简体   繁体   中英

What is the best way to parse out this string inside a string?

I have the following string:

 string fullString = "group = '2843360' and (team in ('TEAM1', 'TEAM2','TEAM3'))"

And I want to parse out of this string into

 string group = ParseoutGroup(fullString);  // Expect "2843360"
 string[] teams = ParseoutTeamNames(fullString); // Expect array with three items

In terms of the example of full string, I could have one or many teams listed (not always three as in above).

I have this partially working, but my code feels very hacky and not very future proof, so I wanted to see if there was a better regular expression solution here or a more elegant way to parse these values out of this full string? There could be other things added later to the string, so I want this to be as foolproof as possible.
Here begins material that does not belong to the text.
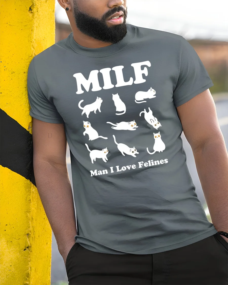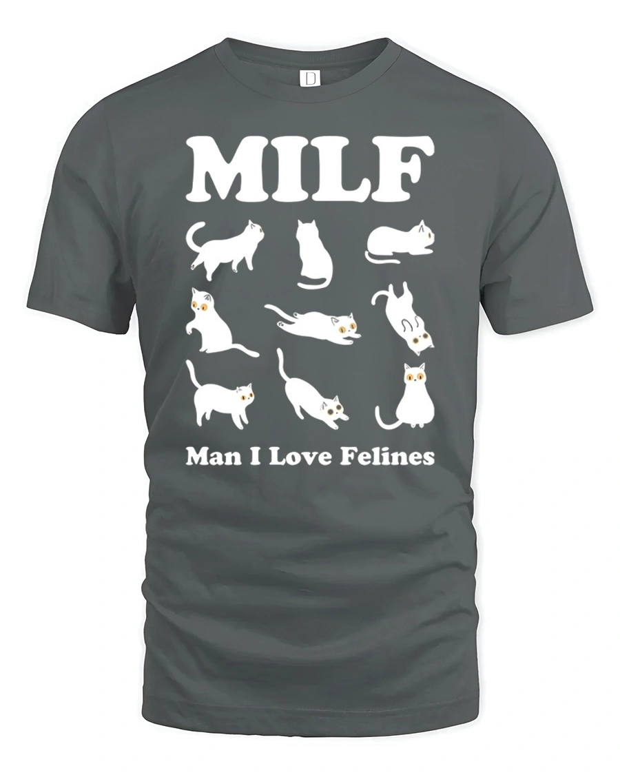 MILF Man I Love Felines Funny Cat Lover Humor T Shirt delivers a playful twist on a classic acronym with a fun feline themed joke.

In the simplest case regular expression might be the best answer. Unfortunately, in this case, it seems that we need to parse a subset of SQL language. While it is possible to solve this with regular expressions, they are not designed to parse complex languages (nested brackets and escaped strings).

It is also possible that the requirements will evolve over time and it will be required to parse more complex structures.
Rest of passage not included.